Saved data entries:

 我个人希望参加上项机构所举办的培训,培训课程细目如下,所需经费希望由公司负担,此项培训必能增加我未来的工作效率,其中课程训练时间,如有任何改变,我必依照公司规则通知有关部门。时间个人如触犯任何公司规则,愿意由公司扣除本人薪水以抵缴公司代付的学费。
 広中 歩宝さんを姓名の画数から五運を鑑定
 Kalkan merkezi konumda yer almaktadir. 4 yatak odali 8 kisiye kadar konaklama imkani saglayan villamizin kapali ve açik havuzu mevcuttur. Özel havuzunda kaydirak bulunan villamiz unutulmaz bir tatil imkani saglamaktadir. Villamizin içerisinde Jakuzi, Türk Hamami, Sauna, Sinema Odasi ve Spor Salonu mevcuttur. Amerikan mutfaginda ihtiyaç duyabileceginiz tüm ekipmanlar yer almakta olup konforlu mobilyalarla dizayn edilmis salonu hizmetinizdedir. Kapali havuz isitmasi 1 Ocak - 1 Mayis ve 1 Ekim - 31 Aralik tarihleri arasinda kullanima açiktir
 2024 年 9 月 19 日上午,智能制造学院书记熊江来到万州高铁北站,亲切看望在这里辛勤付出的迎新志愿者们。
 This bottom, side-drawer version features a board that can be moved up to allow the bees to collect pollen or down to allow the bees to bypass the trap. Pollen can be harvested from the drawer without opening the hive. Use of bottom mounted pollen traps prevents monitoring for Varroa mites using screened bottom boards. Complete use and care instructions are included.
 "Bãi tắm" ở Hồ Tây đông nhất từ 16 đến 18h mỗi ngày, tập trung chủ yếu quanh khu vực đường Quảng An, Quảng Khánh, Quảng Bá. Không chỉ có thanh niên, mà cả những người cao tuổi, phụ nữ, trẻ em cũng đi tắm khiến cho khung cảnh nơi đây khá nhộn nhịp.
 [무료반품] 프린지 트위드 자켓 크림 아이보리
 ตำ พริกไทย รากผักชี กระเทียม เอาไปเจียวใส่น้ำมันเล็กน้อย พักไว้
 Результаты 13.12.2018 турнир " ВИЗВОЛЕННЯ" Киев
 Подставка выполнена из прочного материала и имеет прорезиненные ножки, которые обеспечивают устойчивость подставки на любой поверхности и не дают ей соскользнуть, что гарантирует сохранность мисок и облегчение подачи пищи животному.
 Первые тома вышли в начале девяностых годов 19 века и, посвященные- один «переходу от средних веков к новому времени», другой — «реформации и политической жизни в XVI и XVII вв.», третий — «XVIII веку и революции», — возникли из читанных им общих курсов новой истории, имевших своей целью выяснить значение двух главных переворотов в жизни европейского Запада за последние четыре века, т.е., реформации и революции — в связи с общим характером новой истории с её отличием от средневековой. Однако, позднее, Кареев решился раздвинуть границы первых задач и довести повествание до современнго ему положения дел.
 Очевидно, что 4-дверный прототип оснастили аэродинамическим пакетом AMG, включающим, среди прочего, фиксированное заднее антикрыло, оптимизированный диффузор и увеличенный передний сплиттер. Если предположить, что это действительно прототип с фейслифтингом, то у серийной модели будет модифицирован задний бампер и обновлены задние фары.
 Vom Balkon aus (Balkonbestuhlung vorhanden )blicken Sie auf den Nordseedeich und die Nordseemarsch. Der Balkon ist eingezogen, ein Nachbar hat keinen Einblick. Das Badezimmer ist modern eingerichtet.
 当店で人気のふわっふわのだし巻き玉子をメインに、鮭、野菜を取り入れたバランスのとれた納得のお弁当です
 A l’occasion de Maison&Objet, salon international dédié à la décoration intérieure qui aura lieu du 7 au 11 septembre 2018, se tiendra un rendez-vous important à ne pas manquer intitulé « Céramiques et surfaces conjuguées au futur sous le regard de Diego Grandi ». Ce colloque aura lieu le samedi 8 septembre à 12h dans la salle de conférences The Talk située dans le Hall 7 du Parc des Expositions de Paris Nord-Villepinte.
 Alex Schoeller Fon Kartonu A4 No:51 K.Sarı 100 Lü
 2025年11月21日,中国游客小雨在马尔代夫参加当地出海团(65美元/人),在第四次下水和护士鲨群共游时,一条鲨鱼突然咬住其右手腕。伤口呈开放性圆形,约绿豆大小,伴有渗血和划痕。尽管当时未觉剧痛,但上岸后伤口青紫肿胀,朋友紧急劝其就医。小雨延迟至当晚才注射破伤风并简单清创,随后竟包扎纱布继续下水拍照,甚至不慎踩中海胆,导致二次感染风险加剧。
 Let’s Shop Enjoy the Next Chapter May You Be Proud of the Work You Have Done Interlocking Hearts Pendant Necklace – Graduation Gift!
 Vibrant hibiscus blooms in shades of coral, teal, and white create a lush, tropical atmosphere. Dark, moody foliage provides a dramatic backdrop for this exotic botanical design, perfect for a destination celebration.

* _To do_: The data above should be reproduced in full, word for word.

* _Solution for this task_:
 我个人希望参加上项机构所举办的培训,培训课程细目如下,所需经费希望由公司负担,此项培训必能增加我未来的工作效率,其中课程训练时间,如有任何改变,我必依照公司规则通知有关部门。时间个人如触犯任何公司规则,愿意由公司扣除本人薪水以抵缴公司代付的学费。
 広中 歩宝さんを姓名の画数から五運を鑑定
 Kalkan merkezi konumda yer almaktadir. 4 yatak odali 8 kisiye kadar konaklama imkani saglayan villamizin kapali ve açik havuzu mevcuttur. Özel havuzunda kaydirak bulunan villamiz unutulmaz bir tatil imkani saglamaktadir. Villamizin içerisinde Jakuzi, Türk Hamami, Sauna, Sinema Odasi ve Spor Salonu mevcuttur. Amerikan mutfaginda ihtiyaç duyabileceginiz tüm ekipmanlar yer almakta olup konforlu mobilyalarla dizayn edilmis salonu hizmetinizdedir. Kapali havuz isitmasi 1 Ocak - 1 Mayis ve 1 Ekim - 31 Aralik tarihleri arasinda kullanima açiktir
 2024 年 9 月 19 日上午,智能制造学院书记熊江来到万州高铁北站,亲切看望在这里辛勤付出的迎新志愿者们。
 This bottom, side-drawer version features a board that can be moved up to allow the bees to collect pollen or down to allow the bees to bypass the trap. Pollen can be harvested from the drawer without opening the hive. Use of bottom mounted pollen traps prevents monitoring for Varroa mites using screened bottom boards. Complete use and care instructions are included.
 "Bãi tắm" ở Hồ Tây đông nhất từ 16 đến 18h mỗi ngày, tập trung chủ yếu quanh khu vực đường Quảng An, Quảng Khánh, Quảng Bá. Không chỉ có thanh niên, mà cả những người cao tuổi, phụ nữ, trẻ em cũng đi tắm khiến cho khung cảnh nơi đây khá nhộn nhịp.
 [무료반품] 프린지 트위드 자켓 크림 아이보리
 ตำ พริกไทย รากผักชี กระเทียม เอาไปเจียวใส่น้ำมันเล็กน้อย พักไว้
 Результаты 13.12.2018 турнир " ВИЗВОЛЕННЯ" Киев
 Подставка выполнена из прочного материала и имеет прорезиненные ножки, которые обеспечивают устойчивость подставки на любой поверхности и не дают ей соскользнуть, что гарантирует сохранность мисок и облегчение подачи пищи животному.
 Первые тома вышли в начале девяностых годов 19 века и, посвященные- один «переходу от средних веков к новому времени», другой — «реформации и политической жизни в XVI и XVII вв.», третий — «XVIII веку и революции», — возникли из читанных им общих курсов новой истории, имевших своей целью выяснить значение двух главных переворотов в жизни европейского Запада за последние четыре века, т.е., реформации и революции — в связи с общим характером новой истории с её отличием от средневековой. Однако, позднее, Кареев решился раздвинуть границы первых задач и довести повествание до современнго ему положения дел.
 Очевидно, что 4-дверный прототип оснастили аэродинамическим пакетом AMG, включающим, среди прочего, фиксированное заднее антикрыло, оптимизированный диффузор и увеличенный передний сплиттер. Если предположить, что это действительно прототип с фейслифтингом, то у серийной модели будет модифицирован задний бампер и обновлены задние фары.
 Vom Balkon aus (Balkonbestuhlung vorhanden )blicken Sie auf den Nordseedeich und die Nordseemarsch. Der Balkon ist eingezogen, ein Nachbar hat keinen Einblick. Das Badezimmer ist modern eingerichtet.
 当店で人気のふわっふわのだし巻き玉子をメインに、鮭、野菜を取り入れたバランスのとれた納得のお弁当です
 A l’occasion de Maison&Objet, salon international dédié à la décoration intérieure qui aura lieu du 7 au 11 septembre 2018, se tiendra un rendez-vous important à ne pas manquer intitulé « Céramiques et surfaces conjuguées au futur sous le regard de Diego Grandi ». Ce colloque aura lieu le samedi 8 septembre à 12h dans la salle de conférences The Talk située dans le Hall 7 du Parc des Expositions de Paris Nord-Villepinte.
 Alex Schoeller Fon Kartonu A4 No:51 K.Sarı 100 Lü
 2025年11月21日,中国游客小雨在马尔代夫参加当地出海团(65美元/人),在第四次下水和护士鲨群共游时,一条鲨鱼突然咬住其右手腕。伤口呈开放性圆形,约绿豆大小,伴有渗血和划痕。尽管当时未觉剧痛,但上岸后伤口青紫肿胀,朋友紧急劝其就医。小雨延迟至当晚才注射破伤风并简单清创,随后竟包扎纱布继续下水拍照,甚至不慎踩中海胆,导致二次感染风险加剧。
 Let’s Shop Enjoy the Next Chapter May You Be Proud of the Work You Have Done Interlocking Hearts Pendant Necklace – Graduation Gift!
 Vibrant hibiscus blooms in shades of coral, teal, and white create a lush, tropical atmosphere. Dark, moody foliage provides a dramatic backdrop for this exotic botanical design, perfect for a destination celebration.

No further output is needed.